DIRECTIONS FOR THIS TASK: Everything in the listing should be set down exactly, apart from the pictures.

DATA SHOWN:
——————

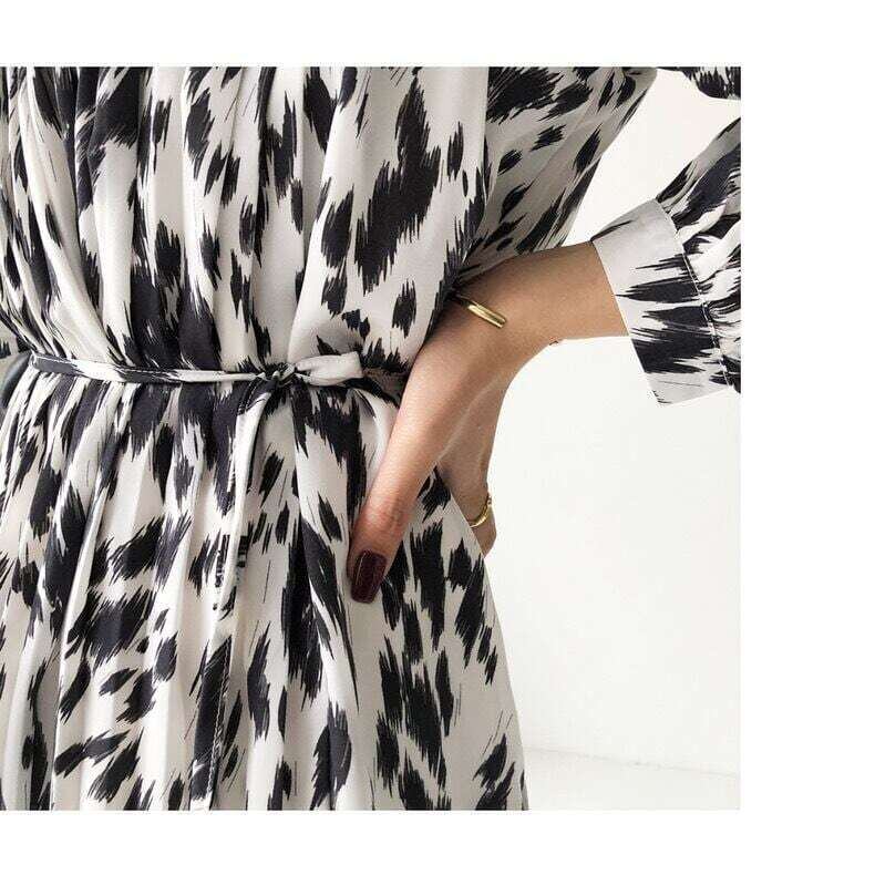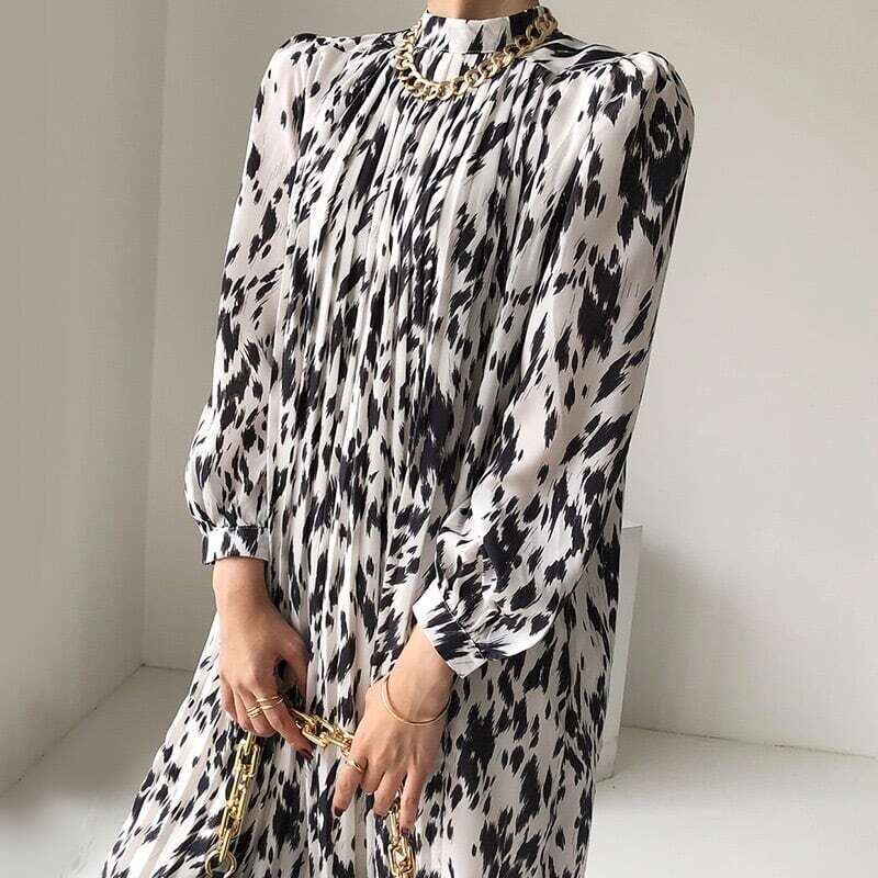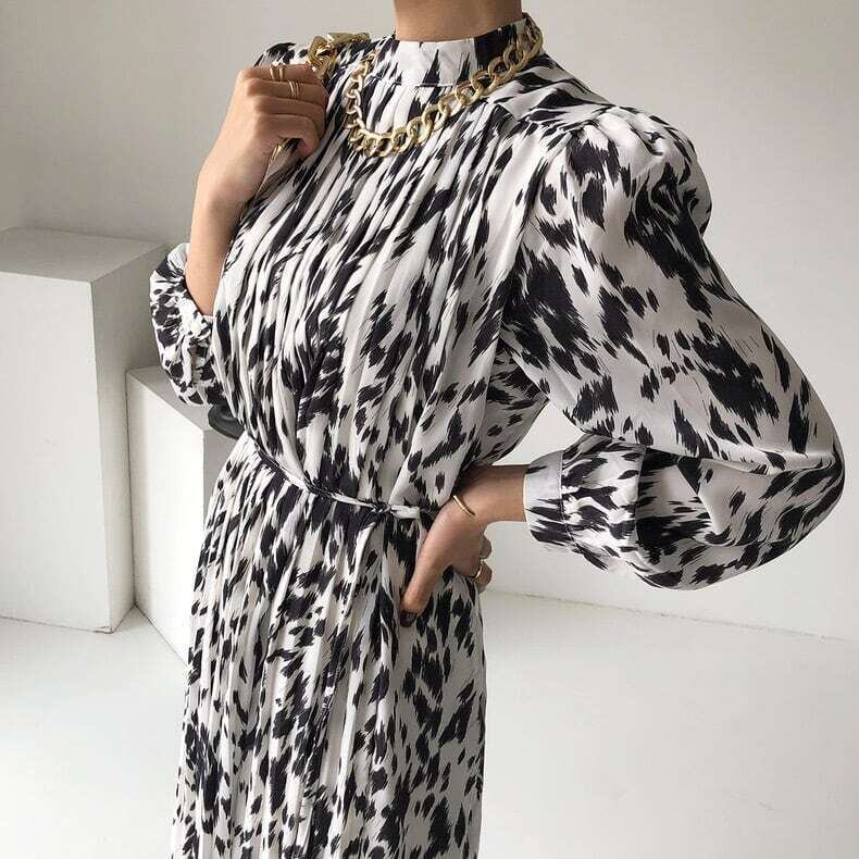 プリーツワンピース アニマル柄ワンピ ウエストリボン エレガント E541
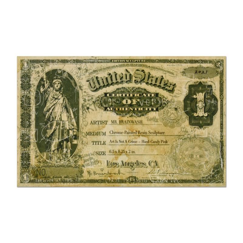 "Art Is Not a Crime (Chrome Pink)" is a limited edition resin sculpture by Mr. Brainwash, numbered and hand signed by the artist. Includes Certificate of Authenticity. Measures approx. 8" x 6.5" x 2".
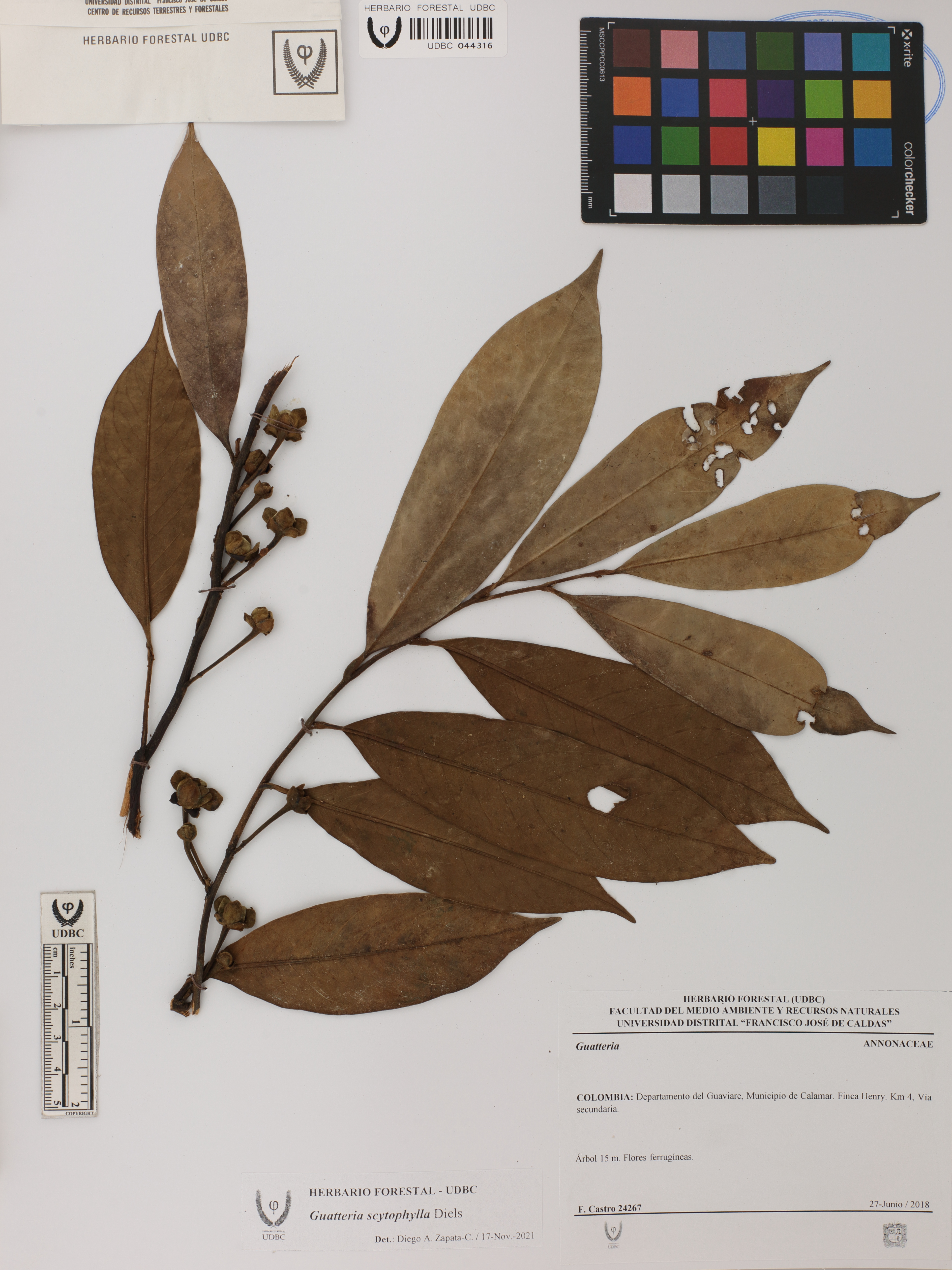 | dc.description | Fotografía del ejemplar Castro, F. 24267, determinado como Guatteria scytophylla en el año 2021 | |

——————

YOUR SOLUTION:
 プリーツワンピース アニマル柄ワンピ ウエストリボン エレガント E541
 "Art Is Not a Crime (Chrome Pink)" is a limited edition resin sculpture by Mr. Brainwash, numbered and hand signed by the artist. Includes Certificate of Authenticity. Measures approx. 8" x 6.5" x 2".
 | dc.description | Fotografía del ejemplar Castro, F. 24267, determinado como Guatteria scytophylla en el año 2021 | |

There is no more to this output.